2. The Queen: The Forgotten Life behind an American Myth by Josh Levin (Little, Brown)
Chicago headlines described Cadillac-driving Linda Taylor as a “welfare queen,” fueling public hysteria about welfare abuse that campaigner Ronald Reagan amplified as an outrageous example of fraud. In his great work of investigation, Levin, who is editorial director of Slate, uncovers this creation myth and argues that it hardened into a stereotype deployed to chip away at benefits for the poor. Levin has written a fascinating tale of how the myth was constructed, but he has also dug deeply into Taylor’s story, revealing her as to be a grifter, a thief, and possibly a murderer — a woman who was victimized, but who also victimized those more vulnerable than she.

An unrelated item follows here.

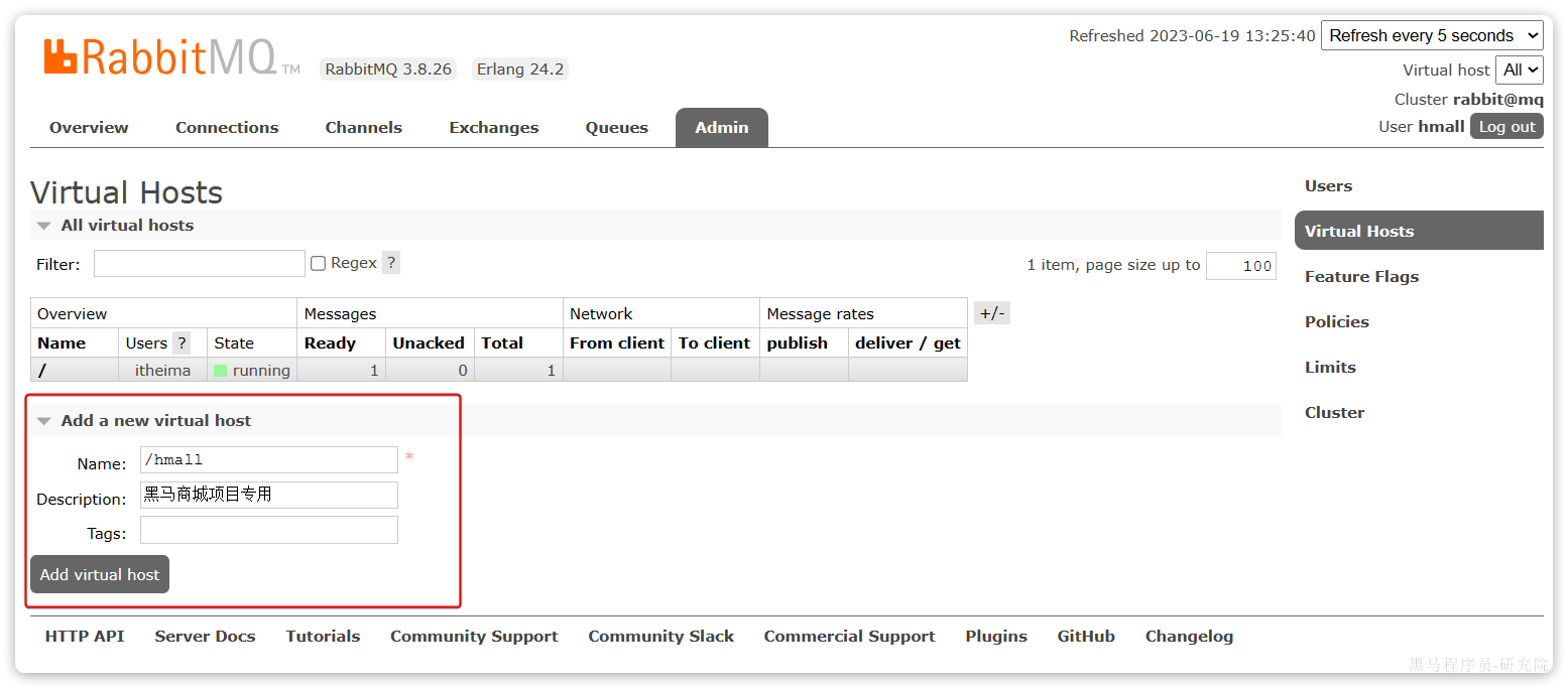 切換到剛剛創(chuàng)建的 用戶登錄,然后點(diǎn)擊Virtual Hosts
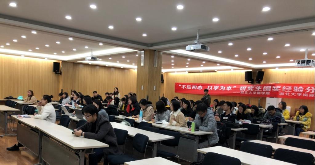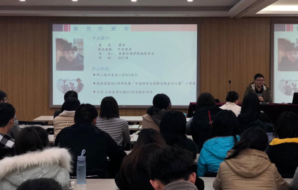 为加强研究生之间的学术文化交流,营造良好的校园学术氛围,增强学习动力,发挥优秀研究生的榜样力量,促进研究生全面发展,太阳成集团tyc151cc研究生会联合资源环境学院研究生会于11月26日18:00在逸夫人文楼C2014举办以“不忘初心、以学为本”为主题的学术科技节暨国奖经验分享会活动。本次国奖经验分享会邀请了太阳成集团tyc151cc和资环学院的国家奖学金获得者黄灿、袁自然、吴璇、骆康向大家分享做学术、写论文的方法和经验。

3. Mr. Know-It-All: The Tarnished Wisdom of a Filth Elder by John Waters (Farrar, Straus & Giroux)
“That John Waters is a national treasure is a surety. Period. Thank you and good night,” writes Alan Cumming in his New York Times essay on Waters’ dazzling new book. In this collection of essays punctuated with photographs, the master of camp and king of transgressive film offers nostalgia-free, counterintuitive advice. (“Young filmmakers, go to Hollywood whenever you can. It’s not lonely at the top, I promise you.”) Whether they’re about fashion, love, or his parents, Waters’ thematically connected essays contend with his improbable path to respectability. He once did an art piece composed of close-ups from porn films which provoked no outrage and is now in a museum’s permanent collection. “What the hell has happened?” he asks.
4. The White Devil’s Daughters: The Fight against Slavery in San Francisco’s Chinatown by Julia Flynn Siler (Knopf)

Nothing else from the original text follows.